Data -
╭──

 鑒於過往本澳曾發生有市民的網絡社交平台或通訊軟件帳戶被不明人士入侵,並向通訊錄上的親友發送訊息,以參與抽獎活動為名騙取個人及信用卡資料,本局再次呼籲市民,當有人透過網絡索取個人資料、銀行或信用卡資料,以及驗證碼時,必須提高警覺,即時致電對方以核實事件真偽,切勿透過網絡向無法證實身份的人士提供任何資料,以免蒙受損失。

╰──
╭──

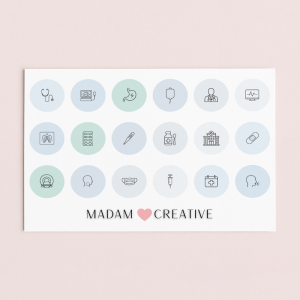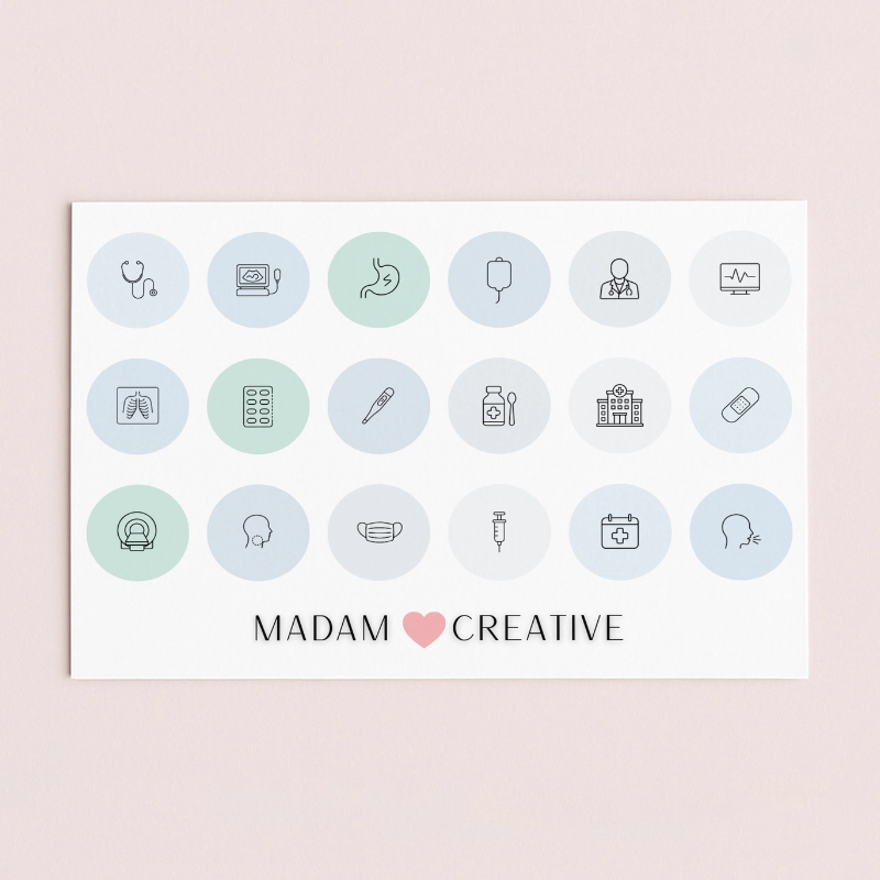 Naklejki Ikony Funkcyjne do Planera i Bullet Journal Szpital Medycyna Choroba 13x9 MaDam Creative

╰──
╭──

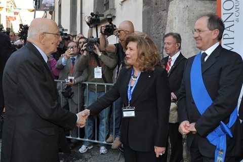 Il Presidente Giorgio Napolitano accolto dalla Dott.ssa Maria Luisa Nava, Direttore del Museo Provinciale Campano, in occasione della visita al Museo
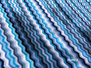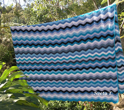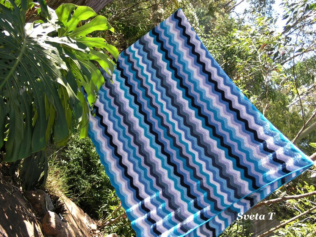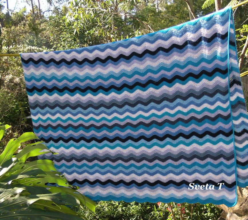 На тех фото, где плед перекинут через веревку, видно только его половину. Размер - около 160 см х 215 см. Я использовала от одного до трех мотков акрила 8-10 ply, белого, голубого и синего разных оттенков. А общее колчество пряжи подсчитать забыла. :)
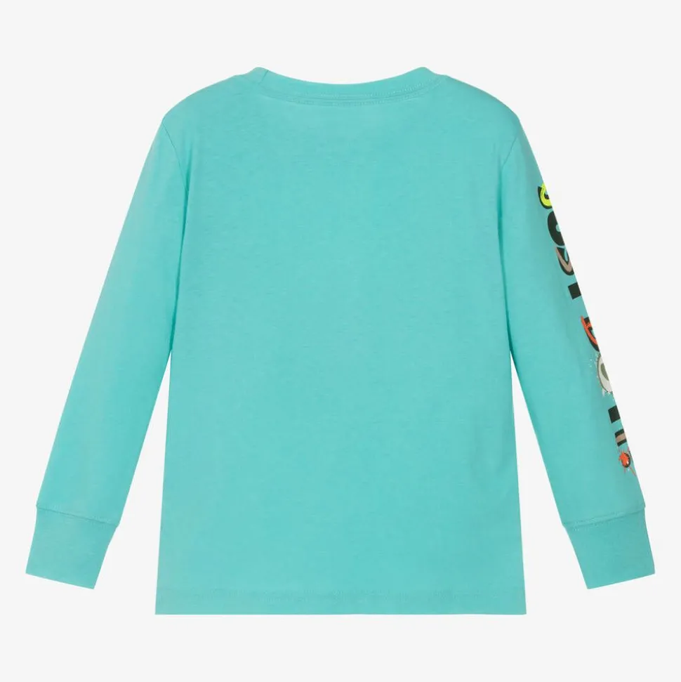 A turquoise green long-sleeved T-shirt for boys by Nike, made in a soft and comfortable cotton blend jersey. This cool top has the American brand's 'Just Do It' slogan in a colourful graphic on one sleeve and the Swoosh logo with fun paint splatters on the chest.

╰──

Task description - Reproduce, word for word, everything in the listing above from the line containing "Il Presidente Giorgio" down to the line containing "A turquoise green", both of them included. No pictures.

Solution to this task -
 Il Presidente Giorgio Napolitano accolto dalla Dott.ssa Maria Luisa Nava, Direttore del Museo Provinciale Campano, in occasione della visita al Museo
 На тех фото, где плед перекинут через веревку, видно только его половину. Размер - около 160 см х 215 см. Я использовала от одного до трех мотков акрила 8-10 ply, белого, голубого и синего разных оттенков. А общее колчество пряжи подсчитать забыла. :)
 A turquoise green long-sleeved T-shirt for boys by Nike, made in a soft and comfortable cotton blend jersey. This cool top has the American brand's 'Just Do It' slogan in a colourful graphic on one sleeve and the Swoosh logo with fun paint splatters on the chest.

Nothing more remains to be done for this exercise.